Last Updated on January 1, 2023 by Editorial Team

Author(s): Fraol Batole

Originally published on Towards AI the World’s Leading AI and Technology News and Media Company. If you are building an AI-related product or service, we invite you to consider becoming an AI sponsor. At Towards AI, we help scale AI and technology startups. Let us help you unleash your technology to the masses.

This article shows a step-by-step implementation of a Multi-lingual Neural Machine Translation (MNMT) model. In this implementation, we build an encoder-decoder architecture-based MNMT.

An overview of MNMT:

Before diving into the implementation, let’s take a step back and understand what Multi-lingual Neural Machine Translation (MNMT) models mean. Surprisingly, there are around 7,100 languages that exist in the whole world [https://www.ethnologue.com/guides/how-many-languages]. For several reasons, there is a need to translate one language into another language. Although people used to translate languages manually, the recent advancement of deep learning has enabled the automatic translation of texts. The translation of one language into another is called Neural Machine Translation (NMT). For example, given an English text, the model can translate it into Spanish.

Now, what if there is a need to translate more languages? Then, we must build several NMT models that support different language translations. However, recently, research has shown that training a single model that supports multiple language translation is beneficial for several reasons. It is referred to as Multi-lingual Neural Machine Translation (MNMT). For example, some contexts from the available languages are applied to another language. Especially this use case is beneficial for low-resource languages. To illustrate MNMT, the picture below.

Data collection and preprocessing:

Step 1: Collecting and clean the dataset

To train an MNTM model, a parallel corpus (text) should exist within the languages. That is, in the above picture, a sentence in Japanese must have a translated sentence into English and Korean. A suitable dataset for this purpose is Tatoeba. This dataset contains sentences in over 400 languages. The sentence pair supported by this dataset can be downloaded here.

Step 2: Extracting Parallel Sentence

As explained above, we need parallel text between each language. Thus, we must filter out the sentences that need to be translated. For this blog, we only use English-to-{Japanese, and Korean}, as illustrated in the picture above.

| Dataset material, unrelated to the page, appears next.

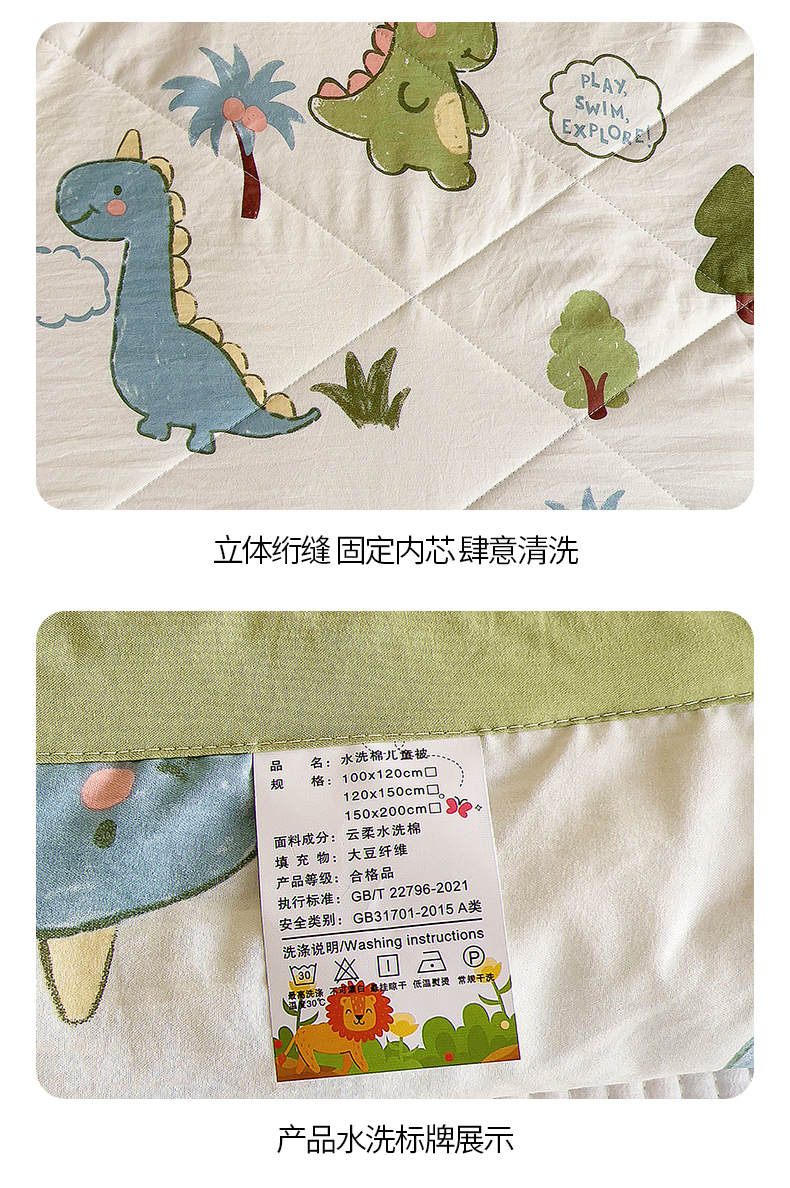 商品名称:吉咪兔家纺 2024年新款水洗棉儿童夏凉被婴儿空调被宝宝幼儿园专用大豆芯夏季薄款小被子 恐龙世界

To find similar sentences, we can filter out the intersection between each language using the Pandas library.

The code to implement this is available here.

The Tatoeba dataset contains an id for each sentence. Since we downloaded “English to Japanese” and “English to Korean” paired sentences, we can find the intersection of English id’s between both pairs. Thus, we can find the same English sentence and translation into {Japanese and Korean}. Now, the extracted sentences can be used to train our model.

Step 3: Preprocessing the dataset

Now, we can prepare the training and testing set for the model. We load the downloaded and cleaned dataset in the code below and put a starting and ending tag.

text_file = "spa-eng/spa.txt"

with open(text_file) as f:
    lines = f.read().split("\n")[:-1]
text_pairs = []
for line in lines:
    english, japanese, korean = line.split("\t")
    spanish = "[start] " + spanish + " [end]"
    text_pairs.append((english, spanish))

import random
print(random.choice(text_pairs))

import random
random.shuffle(text_pairs)
num_val_samples = int(0.15 * len(text_pairs))
num_train_samples = len(text_pairs) - 2 * num_val_samples
train_pairs = text_pairs[:num_train_samples]
val_pairs = text_pairs[num_train_samples:num_train_samples + num_val_samples]
test_pairs = text_pairs[num_train_samples + num_val_samples:]

Moreover, each text should be vectorized, i.e., converting the text into a numerical vector. This step, among other advantages, reduces the computational speed of our model. We use an existing code from Deep Learning with Python (second-edition book) to vectorize and prepare the dataset.

Step 4: Vectorizations and preparing the dataset

The code can be accessed here.

Building the model:

Step 5: LSTM-based Encoder-Decoder Model

In this article, we only used a different way to preprocess the dataset for the model. However, there are several approaches to building MNTM. For example, by adding additional output to the model, we could implement an MNTM. Each output layer will be responsible for predicting a single language.

The model is built based on [1] But with minor changes. We chose to use LSTM instead of GRU from the original code for this example. Moreover, since we have multiple languages, we pass the input as the source language and the others as the target language.

source = keras.Input(shape=(None,), dtype="int64", name="source")
x = layers.Embedding(vocab_size, embed_dim, mask_zero=True)(source)
encoded_source = layers.Bidirectional(
    layers.LSTM(latent_dim), merge_mode="sum")(x)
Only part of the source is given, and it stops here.